We can apply the same framework as we did in problem #2. But now, the starting MGF will be different, defined for an exponential distribution as follows:
\[(1 - t\lambda^{-1})^{-1}, t < \lambda\]
We can express this a bit more cleanly as follows:
\[\frac{\lambda}{(\lambda - t)}\]
As with before, the first moment will be the first derivative of this function evaluated at zero, and the second moment will be the second derivative evaluated at zero.
mgf <- expression( lambda / (lambda - t) ) # (1 - t * lambda^-1)^-1 )
first_moment <- D(mgf, 't')
second_moment <- D(first_moment, 't')
print(first_moment)## lambda/(lambda - t)^2
## lambda * (2 * (lambda - t))/((lambda - t)^2)^2
I’ll use the eval function again to test these out.
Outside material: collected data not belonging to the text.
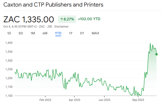 Jokes aside, there have been some notable moves among mid-caps on the JSE as well. The market responded positively to STADIO’s strong results, but that was nothing compared to the rally enjoyed by Caxton and CTP Publishers and Printers in recent weeks: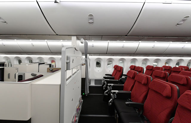 有料で事前指定できるようになったのは、非常口席とエコノミークラス最前列席。国際線用ボーイング787-8型機(E12仕様:2クラス186席)の場合、エコノミー最前列となる18列目8席と、非常口の45列目8席の計16席が対象になる。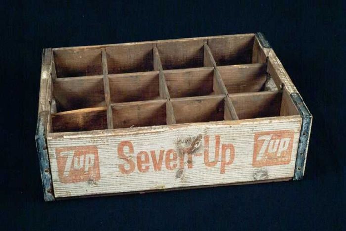 Houten krat met indeling voor twaalf Seven-Up flesjes
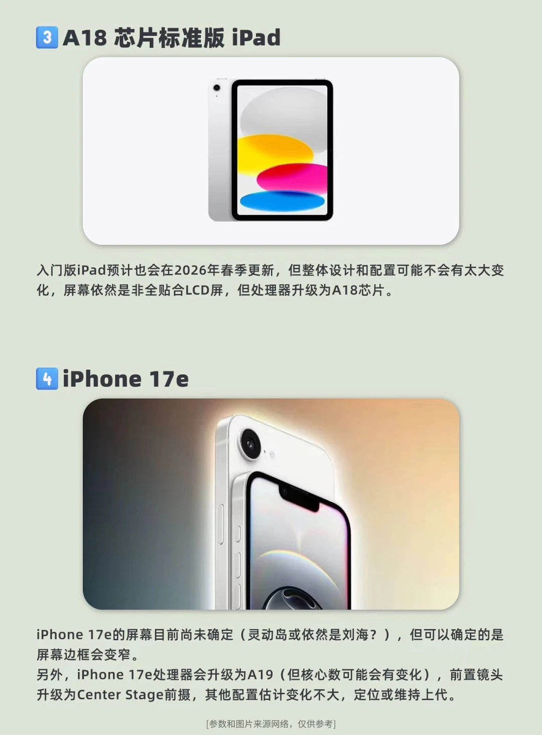 入门版iPad预计也会在2026年春季更新,但整体设计和配置可能不会有太大变化,屏幕依然是非全贴合LCD屏,但处理器升级为A18芯片。
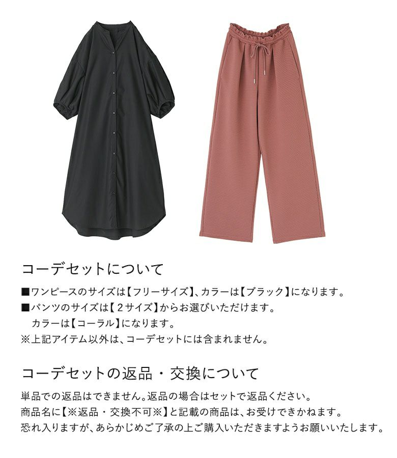 『キーネックタックドルマンワンピース×接触冷感カットソーイージーワイドパンツコーデ2点SET』
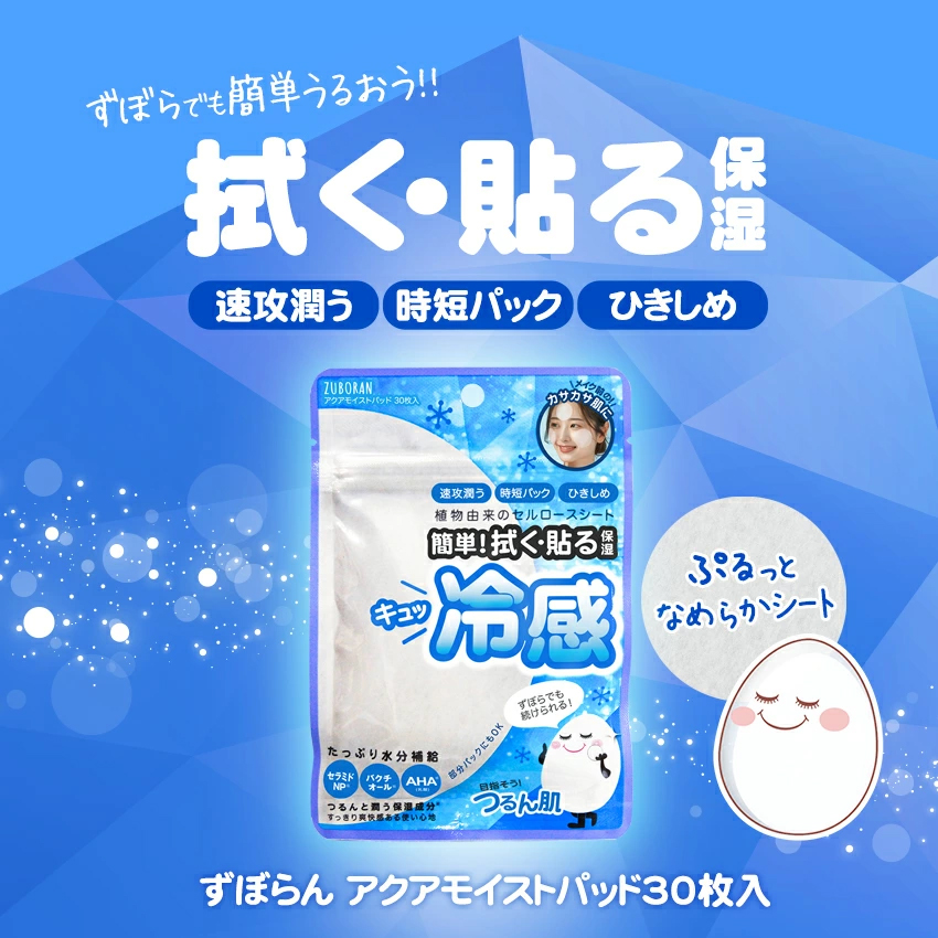 トナーパッド ずぼらん アクア モイスト パッド 【 2袋セット 】 30枚 拭き取り 化粧水 パック ゼリーパッド バクチオール ノンアルコール 保湿 韓国 爆買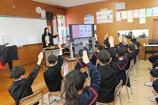 今日は、5・6年教室で早速「高学年集会」が行われました。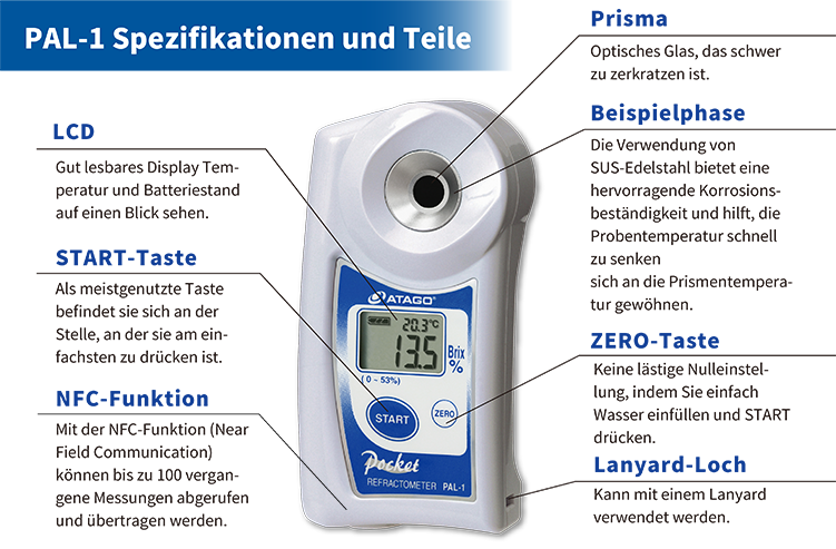 Obendrein hat ATAGO den PAL mit der neuen Technologie ELI (Extrenal Light Interference Prefention) ausgestattet, damit er sicher im Außenbereich eingesetzt werden kann. Herkömmliche digitale Handrefraktometer bergen das Risiko, dass Messungen, die außerhalb oder in der Nähe von Fenstern durchgeführt werden, aufgrund von Lichtinterferenzen ungenau sein können. Während der Entwicklung der PAL-Serie spiegelt die Entwicklung der ELI-Funktion von ATAGO alle Kommentare wider, die von Refraktometerbenutzern auf diesem Gebiet eingegangen sind.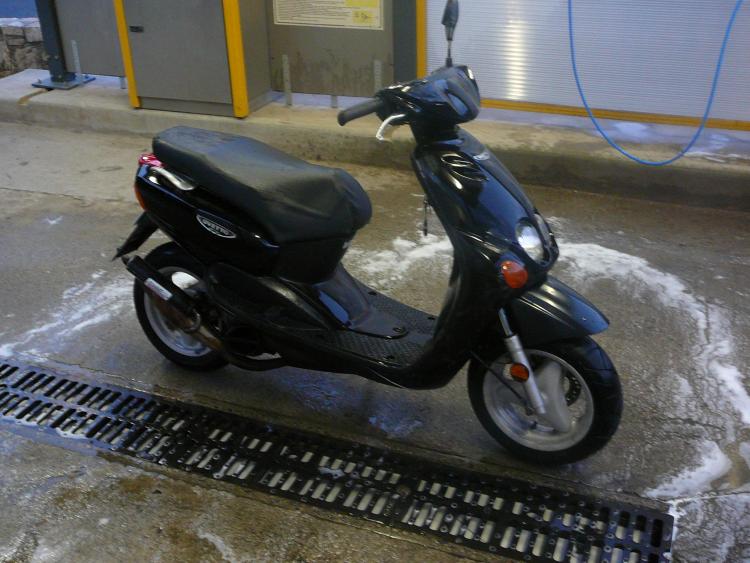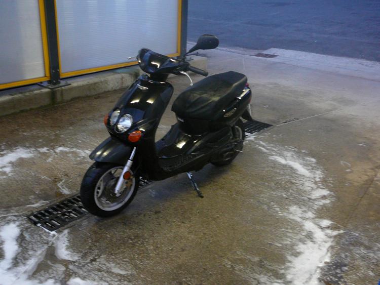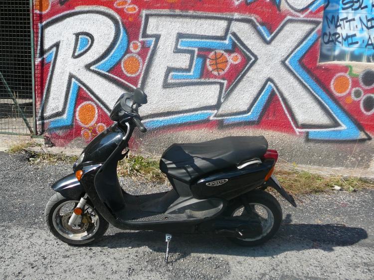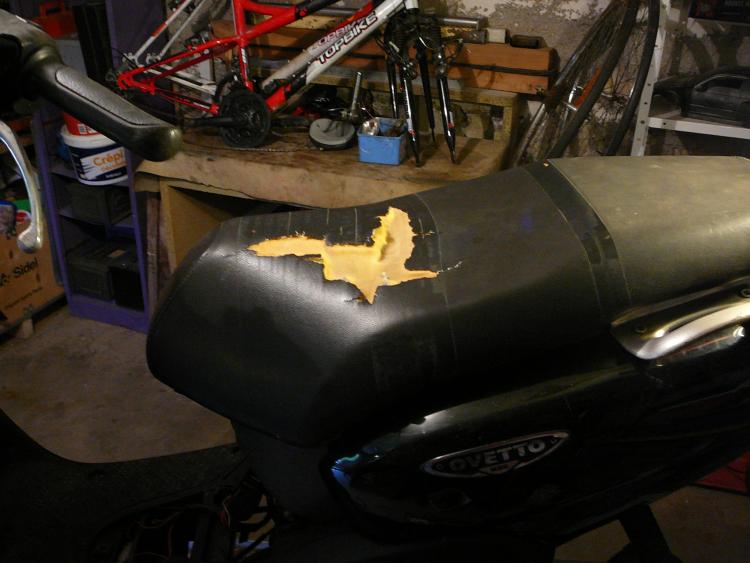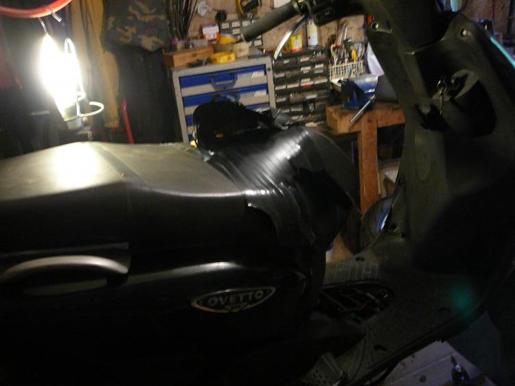 Bonjour a toutes et a tous, bienvenues sur le topic de mon Ovetto. C'est une machine que j'ai acheté il y a 1 an pour 50€ a l'état de quasi épave mais entière. Descriptif lors de l'achat : _ Carrosserie a moitié démontée _ Frein AR bloqué + pneus AR crevé _ Béquille centrale pété _ Pot TTP racing pété au niveau du coude (merci la béquille centrale) réparé avec des morceaux de canettes en alu et du fil de fer, résultat tout l'intérieur du scoot recouvert d'une belle pellicule de gras dégueu bien tenace. _ Selle déchirée _ GB AV pété _ Moteur non tournant (naturellement) Et encore plein de petits détails auxquels on reconnait une machine "bichonné" par son propriétaire. Le scoot était a la limite de partir a la benne. Voici les 2 seules photos que j'ai de la resto de l'hiver dernier (je sais plus pourquoi je les ai pris d'ailleurs), pas très démonstratives mais sur lesquelles on aperçoit des morceaux de l'atelier de mon pote Lolo sans qui tout cela n'aurais pas été possible, donc big up a lui. Je roule quotidiennement avec cette machine depuis le début de l'été, photos de son état actuel au prochain episode.

We
can try it with \(\lambda = 1/10\).
expected_val_expo <- function(lambda,t) eval(first_moment)
variance_expo <- function(lambda,t) eval(second_moment) - eval(first_moment)^2
lambda = 1/10
cat(
'Expected Value: ',expected_val_expo(lambda,0),'\n',
'Variance: ',variance_expo(lambda,0),
sep = ''
)## Expected Value: 10
## Variance: 100
And we’ll check that with the known definition of mean and variance for an exponential distribution, i.e. \(\mu = 1 / \lambda\) and \(\sigma^2 = 1 / \lambda^2\).
## Expected Value: 10
## Variance: 100
Another match! Let’s do some plotting.
results <- data.frame()
for (lambda in seq(0, 1, length.out = 100)) {
mean <- expected_val_expo(lambda,0)
variance <- variance_expo(lambda,0)
result <- list(lambda = lambda, mean = mean, variance = variance)
results <- rbind (results, result)
}
results %>%
ggplot() +
geom_line(aes(x = lambda, y = mean), color = 'blue') +
geom_line(aes(x = lambda, y = variance), color = 'black')## Warning: Removed 1 row containing missing values (`geom_line()`).
## Removed 1 row containing missing values (`geom_line()`).
library(ggplot2)
# Define your functions expected_val_expo() and variance_expo() here
results <- data.frame()
for (lambda in seq(0, 1, length.out = 100)) {
mean <- expected_val_expo(lambda, 0) # Assuming the second argument is a placeholder
variance <- variance_expo(lambda, 0) # Assuming the second argument is a placeholder
result <- list(lambda = lambda, mean = mean, variance = variance)
results <- rbind(results, result)
}
results %>%
ggplot() +
geom_line(aes(x = lambda, y = mean), color = 'blue') +
geom_line(aes(x = lambda, y = variance), color = 'black')## Warning: Removed 1 row containing missing values (`geom_line()`).
## Removed 1 row containing missing values (`geom_line()`).